- Given records -
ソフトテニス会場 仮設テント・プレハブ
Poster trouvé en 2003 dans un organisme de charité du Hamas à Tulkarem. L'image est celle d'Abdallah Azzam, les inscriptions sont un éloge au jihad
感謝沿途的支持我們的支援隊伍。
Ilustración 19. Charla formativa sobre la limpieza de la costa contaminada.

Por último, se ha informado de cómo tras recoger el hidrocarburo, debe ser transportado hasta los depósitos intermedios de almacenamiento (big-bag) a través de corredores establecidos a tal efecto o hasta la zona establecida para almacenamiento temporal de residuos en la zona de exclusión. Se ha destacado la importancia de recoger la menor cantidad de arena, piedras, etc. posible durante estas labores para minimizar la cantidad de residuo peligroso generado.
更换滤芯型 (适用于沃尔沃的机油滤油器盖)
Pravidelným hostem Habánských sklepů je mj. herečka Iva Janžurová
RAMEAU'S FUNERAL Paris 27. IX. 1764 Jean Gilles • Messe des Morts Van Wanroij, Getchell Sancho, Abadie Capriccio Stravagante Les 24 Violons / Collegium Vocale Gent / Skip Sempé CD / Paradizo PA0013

---

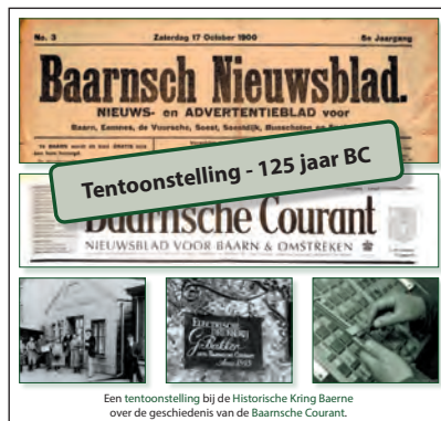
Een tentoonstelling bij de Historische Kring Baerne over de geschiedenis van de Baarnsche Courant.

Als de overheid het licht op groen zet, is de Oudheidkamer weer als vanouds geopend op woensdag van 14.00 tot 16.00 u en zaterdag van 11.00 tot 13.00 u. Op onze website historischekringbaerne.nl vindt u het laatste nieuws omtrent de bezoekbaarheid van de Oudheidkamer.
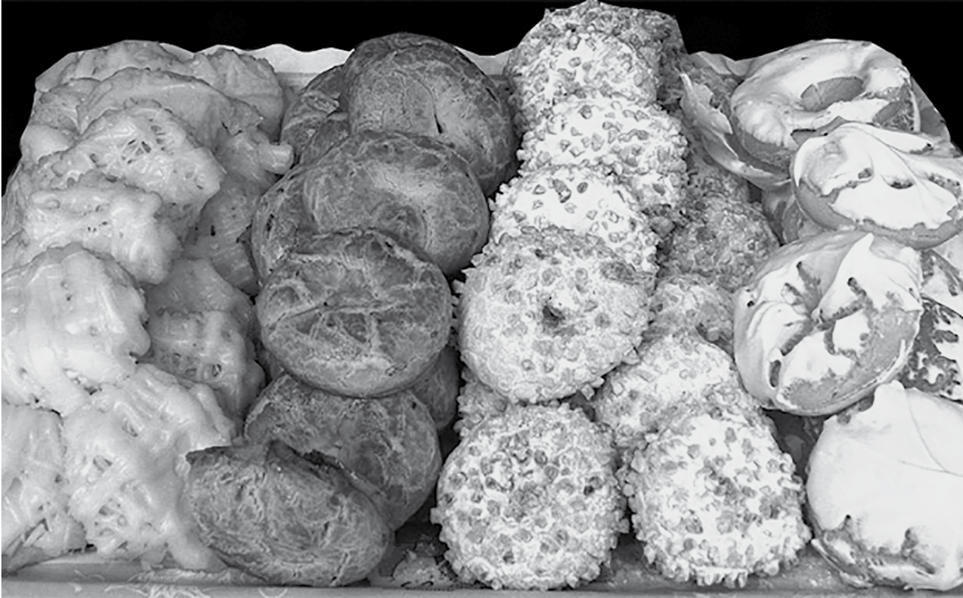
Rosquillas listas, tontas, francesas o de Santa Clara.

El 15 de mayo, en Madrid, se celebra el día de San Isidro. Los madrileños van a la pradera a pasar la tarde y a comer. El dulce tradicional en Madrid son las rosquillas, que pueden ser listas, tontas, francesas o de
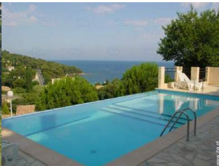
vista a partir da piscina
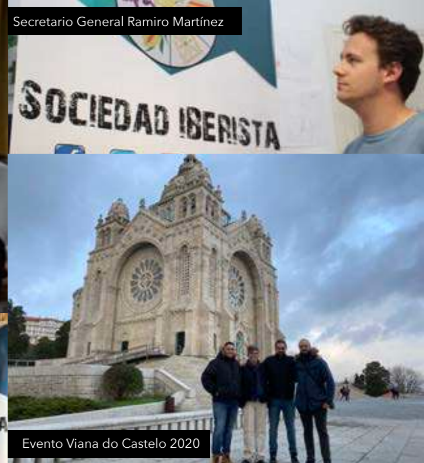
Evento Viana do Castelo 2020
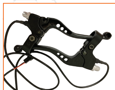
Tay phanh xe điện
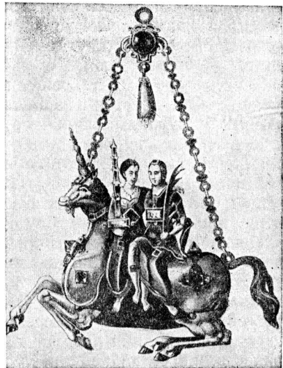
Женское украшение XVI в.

--

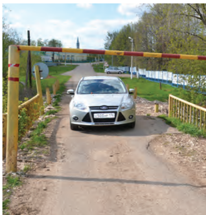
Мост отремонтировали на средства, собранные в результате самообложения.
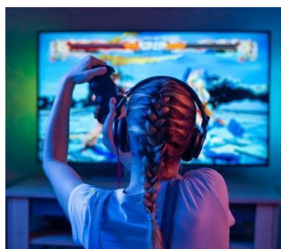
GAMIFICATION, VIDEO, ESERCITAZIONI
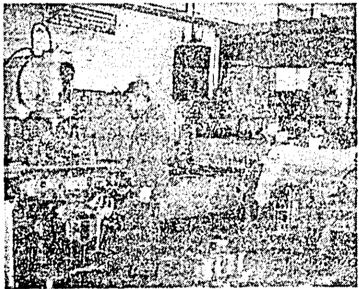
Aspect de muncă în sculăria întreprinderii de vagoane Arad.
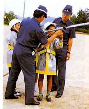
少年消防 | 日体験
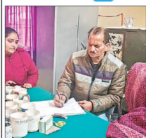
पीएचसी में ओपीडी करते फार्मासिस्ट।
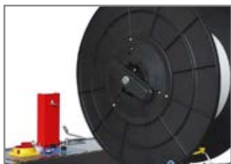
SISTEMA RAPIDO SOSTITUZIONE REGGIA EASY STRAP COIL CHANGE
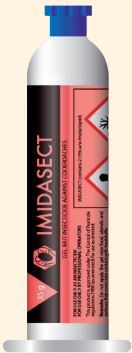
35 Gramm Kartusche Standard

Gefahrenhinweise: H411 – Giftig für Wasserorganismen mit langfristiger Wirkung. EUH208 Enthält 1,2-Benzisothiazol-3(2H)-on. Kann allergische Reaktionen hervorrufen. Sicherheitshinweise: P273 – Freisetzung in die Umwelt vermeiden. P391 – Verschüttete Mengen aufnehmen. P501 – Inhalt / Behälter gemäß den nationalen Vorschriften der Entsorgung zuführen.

- Exercise requirements -
Leave the pictures out, and transcribe exactly the lines above starting at the one that contains "Мост отремонтировали на" and ending at the one that contains "35 Gramm Kartusche Standard".

- Response to the task -
Мост отремонтировали на средства, собранные в результате самообложения.
GAMIFICATION, VIDEO, ESERCITAZIONI
Aspect de muncă în sculăria întreprinderii de vagoane Arad.
少年消防 | 日体験
पीएचसी में ओपीडी करते फार्मासिस्ट।
SISTEMA RAPIDO SOSTITUZIONE REGGIA EASY STRAP COIL CHANGE
35 Gramm Kartusche Standard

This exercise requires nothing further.